Artificial intelligence: the problems worth solving

For centuries, humankind has been following existing paradigms, solving problems using known and tested methods, and building upon past successes to create new milestones.

There have been pockets of innovation, sanctums of academia, scientific experiments, and lives of sheer genius across all fields of interest, which have propelled humanity forward.

However, something else is happening today – several revolutionary technologies have reached their tipping points, and some have converged, promising to pan out at a scale so phenomenal and pervasive, touching the lives of billions, that existing patterns and paradigms will not suffice to maximise the benefits these have to offer.

Several phenomena are creating dramatic shifts.

Connectedness

Estimates predict that by 2020, there will be 50 billion sensors and devices connected to the internet.
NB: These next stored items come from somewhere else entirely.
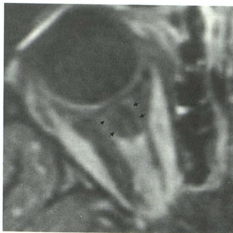
Fig. 3. T1-weighted (600/20/2) post-gadolinium 3-mm axial scan (obtained with fat suppression) demonstrates meningioma of the posterior two thirds of the right optic nerve sheath. Anterior to the meningioma there is dilation of the optic nerve sheath (arrows). In the central portion of the dilated nerve sheath is an atrophic optic nerve.
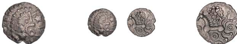
2125 EAST WILTSHIRE , Uninscribed issues, silver Unit, Six-Spoked Pellet Ring, moon head right, large star on chin, pellet hairline, ring in place of lips, stars and pseudo-legend in front, rev. double-tailed horse left, two pellets and large wheel above, pellet-in-ring motifs in front, below and before, 0.96g/3h (ABC 2125; BMC 3019-20; VA 1171-1; S 378). Some light porosity, otherwise very fine and very rare £100-£150
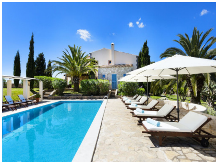
Inviting pool area with sun loungers
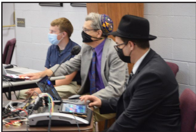
Command Central for online zoomers
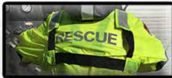
Reflective Rescue Markings

Universal fit (Built to fit 5' - 0" to 6' 4")
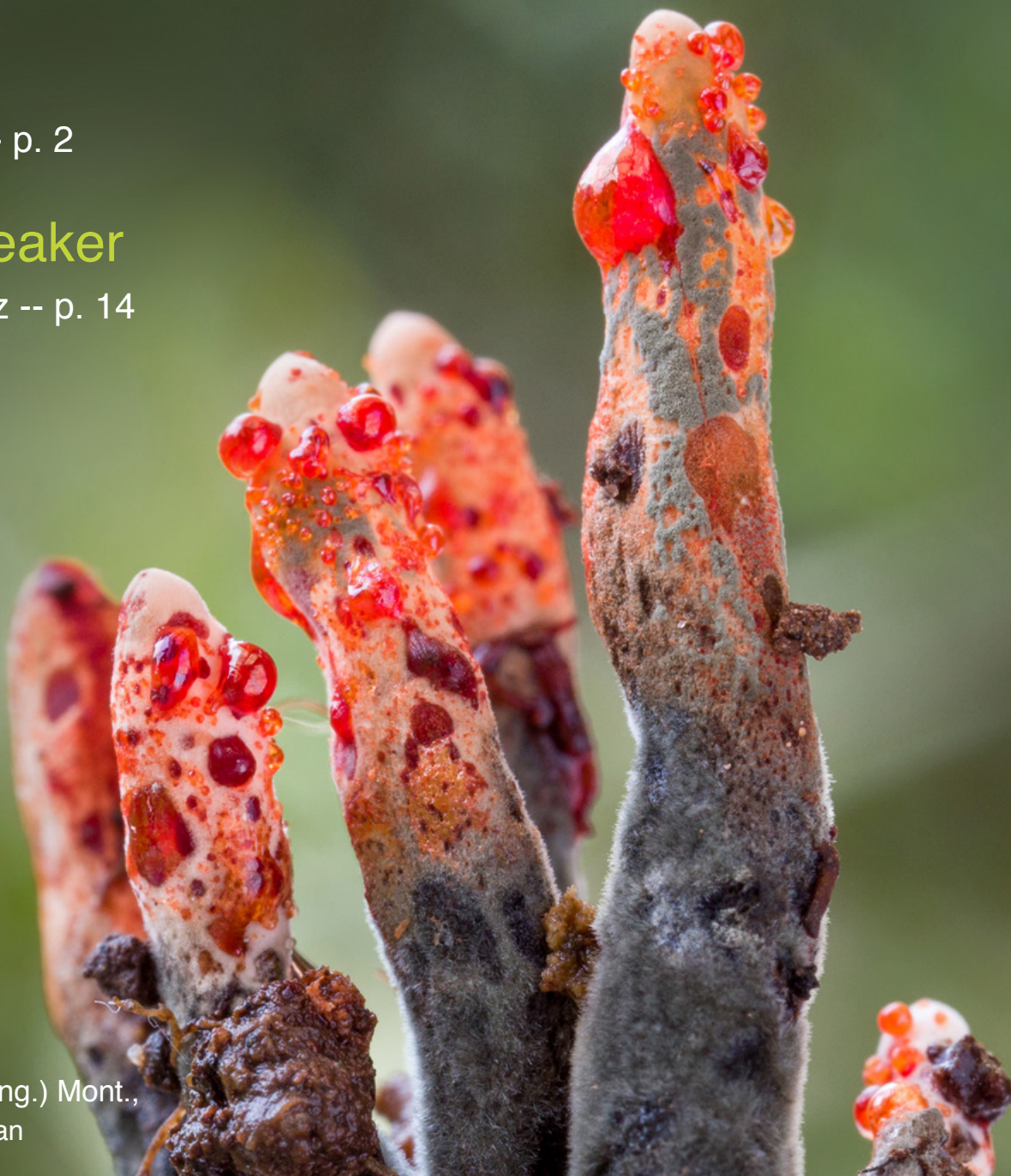
Xylaria globosa (Spreng.) Mont.
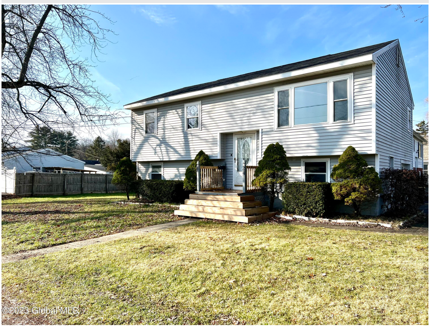
Listing courtesy of: Crystal Coleman Realty LLC

P.O. Box 201, Cleverdale, NY 12820 P: (518) 656-9068 F: (518) 656-9087 www.davies-davies.com
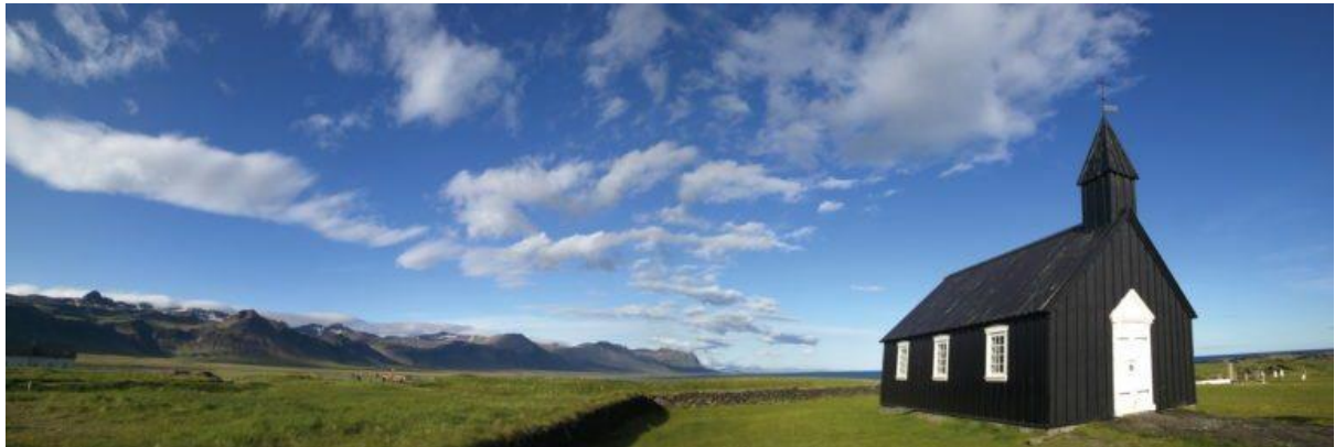
Buðir church on Snæfellsnes peninsula

Overnight in Reykjavik (if included in the package, otherwise on your own) . Dinner is on your own.
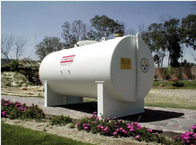
2-Hour 2000° Fire-Tested Performance

FLAMESHIELD® aboveground storage tanks are manufactured with a tight-wrap double-wall design. Standard features include 2-hour fire-tested performance, built-in secondary containment and interstitial monitoring capability.
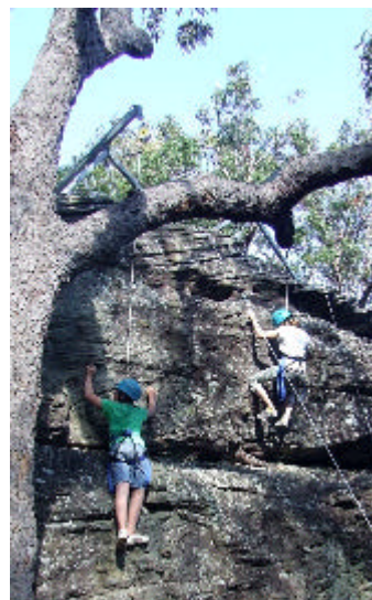
Two more photos of students performing activities at Broken Bay camp.
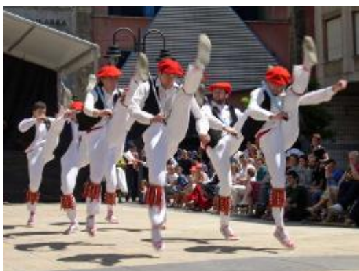
Basque Dancers exhibition

Additionally, before dinner we will enjoy a unique welcome exhibition of Basque Dancers
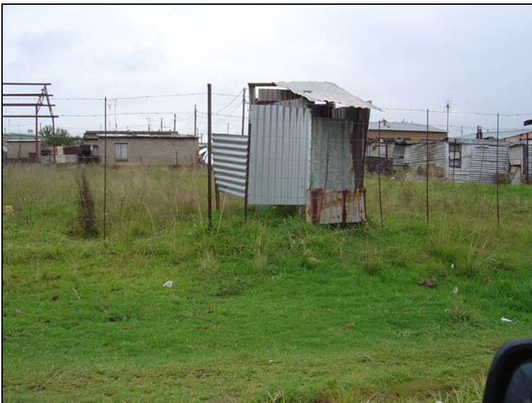
Fig.2 Existing township of Mamafubedu, Petrus Steyn.
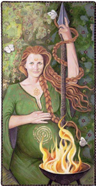
Cover art: “Brighid, Mother Goddess of Ireland” © Jo Jayson 2012 oil and collage on canvas.
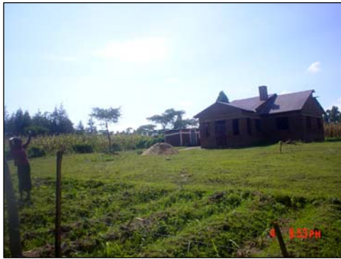
Plate 1: Building Structure located between point B-C
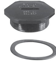
Dimensions in Millimeters (Inches)
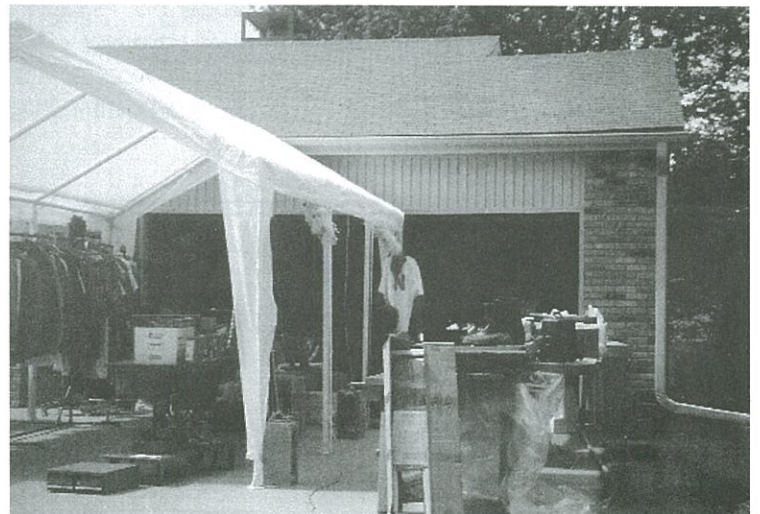
Let it rain!
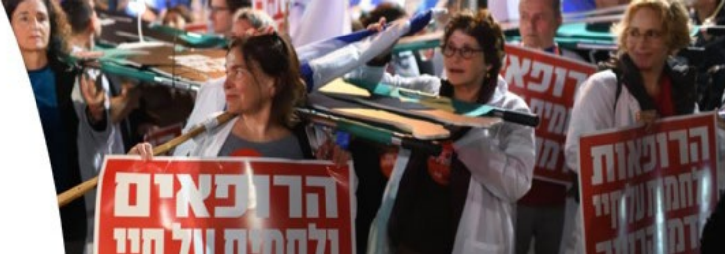
Doctors demonstrating in Israel.
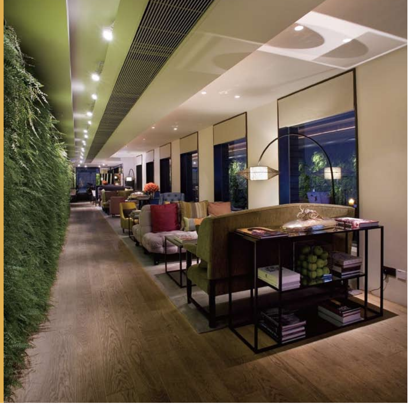
Hallway to the Lounge

mixes masculine with feminine, everyday with ceremonial, industrial with refined and casual with formal.
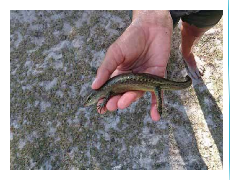
Wright's skink intercepted at Aldabra
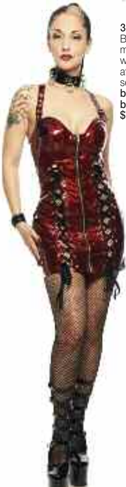
38-596 Buckle strap mini dress with lace up at princess seams! blk, blue, red $79.95
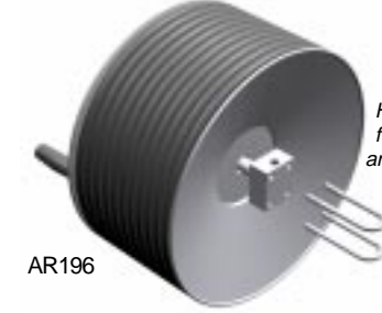
Hose reel drums are made from 14GA stainless steel and will not compress under contraction of hose.
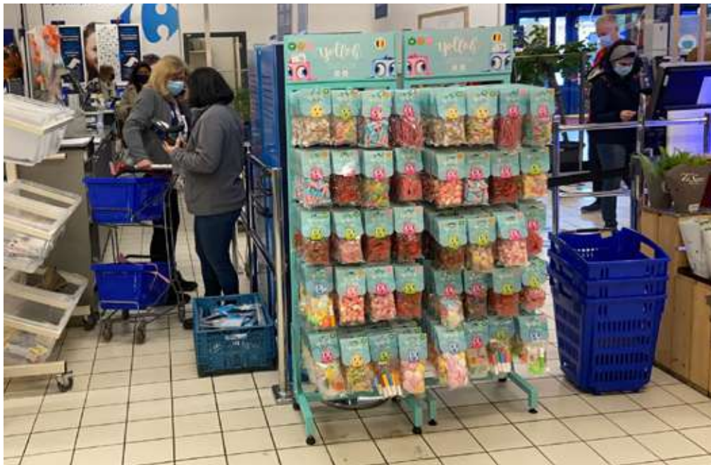
CARREFOUR - BELGIUM
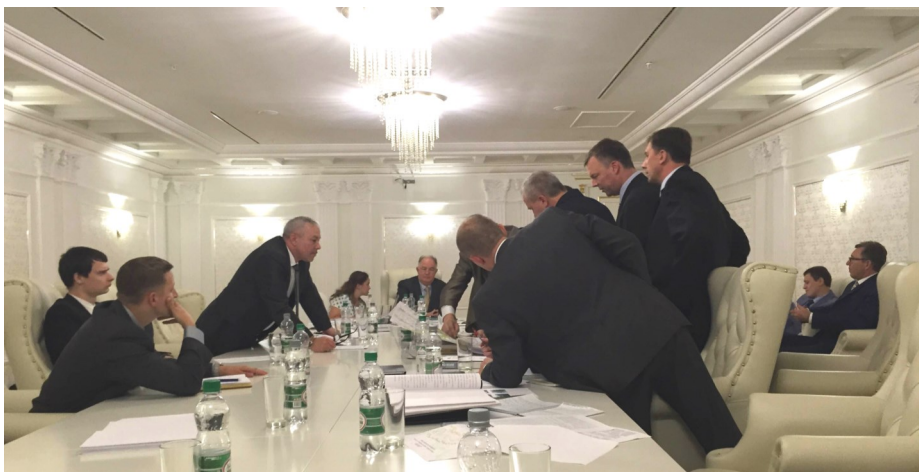
Seventh round of negotiations of the Security Working Group, 5 August 2015.
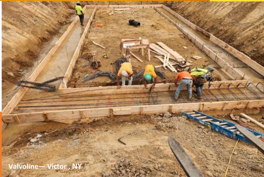
Valvoline— Victor , NY
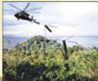
U.S. Army Communications—Electronics Research, Development and Engineering Center

Progeny Systems Corporation has developed the Aerial Canopy MASINT Sensor System (ACMS) — an air deployable remote monitoring system for the Soldier that allows significantly better intelligence gathering and information transmission in any environment. ACMS enhances situational awareness and precision targeting without risk of personnel loss. Fundamental to ACMS is a forward area dispersed array of sensors and communications relays that have already demonstrated successful, remote deployment from both a helicopter and a Tactical Unmanned Aerial Vehicle. The work being conducted by Progeny provides a cost-effective, high performance approach to ACMS by designing a configurable payload capability that features flexibility of signal processing capabilities, sensor packages, deployment options, and RF communication links. ACMS can effectively be used for early warning, area denial, facilities protection, Combat Search and Rescue, Counterterrorism, Border Patrol, and Counter Drug Operations.
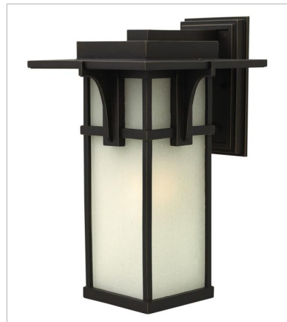
2235OZ LARGE WALL MOUNT LANTERN 11.3" W, 18.5" H Socketed 1-12w Med. LED, 100w Equiv.
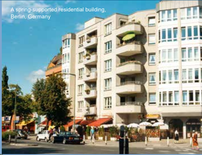
A spring-supported residential building, Berlin, Germany

GERB spring elements are installed below buildings, in pockets arranged within basement walls, or on top of walls and columns above ground level.
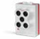
MicaSense RedEdge-MX Industry-leading multispectral sensor
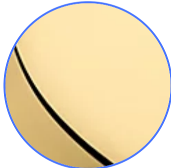
Non-lacquered Brass - 031
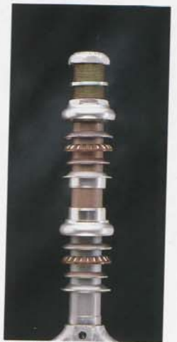
Stronglight A9 sealed roller bearing alloy headset - ultra smooth and hard wearing.
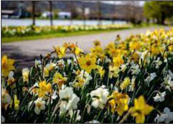
Planting 50,000 daffodils (Evelyn Field's favorite flower) along the park entrance and around loop road in honor of the 100th Anniversary of the NYS Park's System.
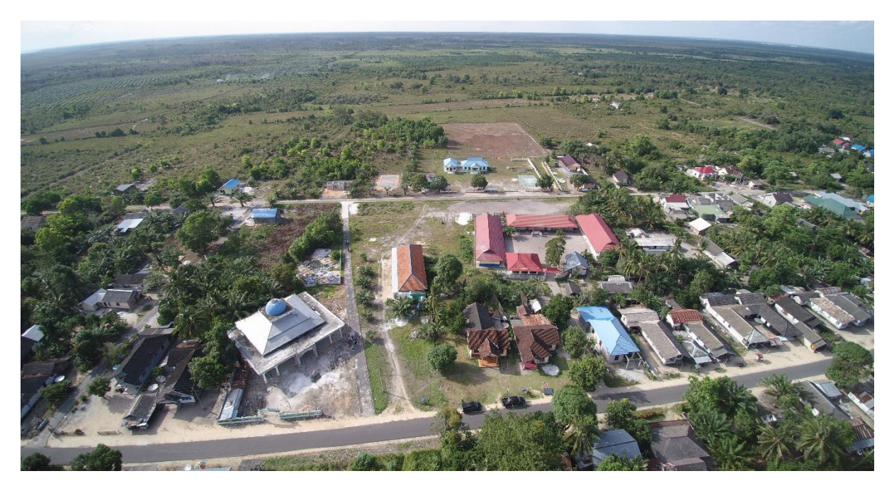
Figure 8. Center of Sei Bakau Village Government
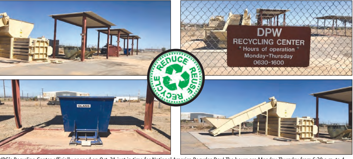
YPG's Recycling Center officially opened on Oct. 21 just in time for National America Recycles Day! The hours are Monday-Thursday from 6:30 a.m. to 4 p.m. The facility is located in the Walker Cantonment area off Sanchez street east of Building 2660. Accepted items are cardboard, aluminum, plastic, glass and wood pallets.
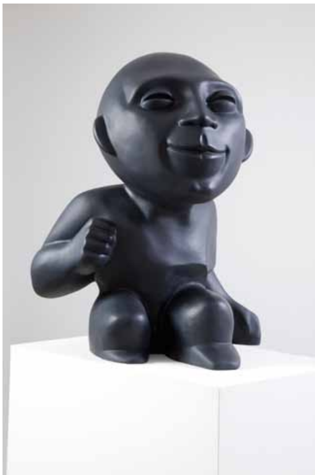
Fadi Yazigi, King Che, 2008, bronze, edition 7/8, 90cm - courtesy of CAP Kuwaiti artists.

CP: How does CAP operate structurally? Is there a museum structure with curatorial and educational departments?
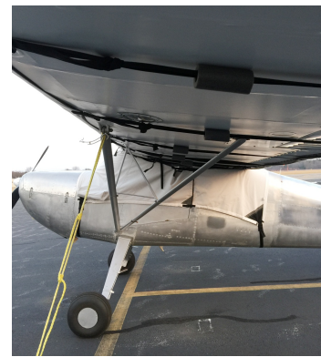
Cessna 140 Canopy Cover, Wing Covers
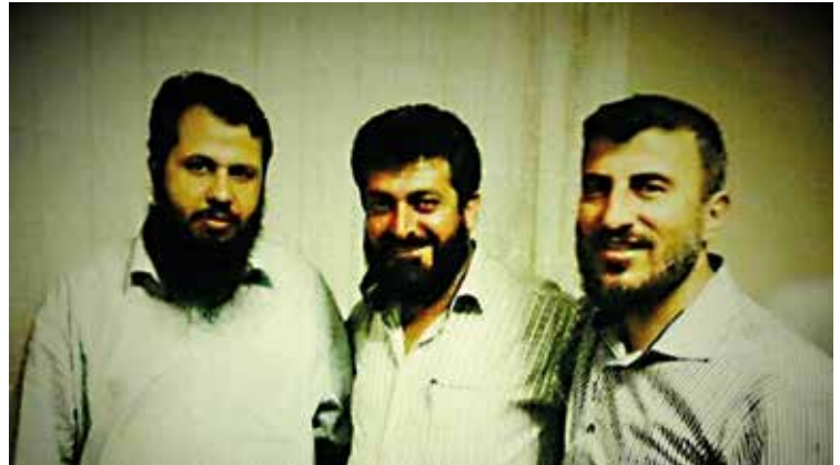
1 Afghan fighters in Syria (date unknown).
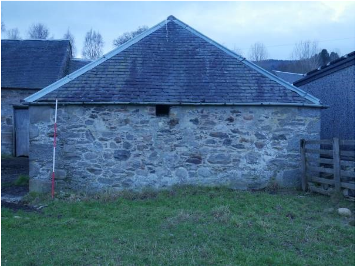
Illustration 15- Eastern elevation of room 4 showing small window in roof line
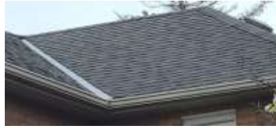
Pic. 2: updated roof covering
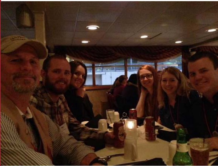
University of Arizona students and the Arizona Game and Fish Department school liaison at the closing night banquet.

Each of our undergraduate attendees has plans to attend graduate school. In addition to the connections we made with professionals, attending research presentations and posters was also a valuable experience. I made it a priority to attend every talk that is relevant to my recently secured graduate research project. After these presentations, I made a point to talk with each presenter. By doing this I have created a network of professionals and students that are interested in the outcome of my project and willing to share knowledge from their experiences in. These connections provided a solid foundation for my professional development.

The number of mobile phone users is expected to reach 4.7 billion in 2017 and the amount of mobile data downloaded is likely to double yearly for the next few years.

>See also: The rise of the machine: AI, the future of security

What makes these vast numbers important is that they indicate unprecedented sharing of knowledge and creation of value, and emergence of new economic paradigms.

Algorithms

Data in the digital universe will grow by a factor of ten – from 4.4 trillion gigabytes in 2013 to 44 trillion gigabytes in 2020. But this data eruption doesn’t mean a thing by itself; algorithms will unlock the value within it.

Amplified human potential

A Japanese literary competition received 11 entries from books written by AI with human inputs, and one of them even passed the first round.

Earlier this year, Google’s AlphaGo beat the human European Go champion five games to zero. These are just some example of AI’s development.

Limited only by our imagination

In scale and reach, the digital revolution we are currently experiencing can be compared to the Neolithic

Revolution, which taught us agriculture, and the industrial revolution, which taught us to create and use machines – transforming humanity’s way of life.

>See also: The beginning of AI in the enterprise

However, the lightning pace of technology today sets this epoch apart. It calls for reorienting our thinking, to observe and participate in a future that is being created by the day.

Can you wrap your head around combining AI, mobility, life sciences, and robotics, focused on creating computer-hybrid human beings?

This is an era of exploring possibilities.

This April, Stephen Hawking, one of the greatest theoretical physicists in history, and Yuri Milner, a Russian billionaire, announced a $100 million initiative, Breakthrough Starshot, to develop light-propelled nanocrafts to travel to distant stars and galaxies, making travel between stars possible.

Astronauts will be able to reach Alpha Centauri, our solar system’s nearest star (four light-years away), in only 20 years. Using even the fastest spacecraft today, this journey would have taken 30,000 years.

Discovering such possibilities requires a new way of thinking.

>See also: When will AI bots replace virtual assistants?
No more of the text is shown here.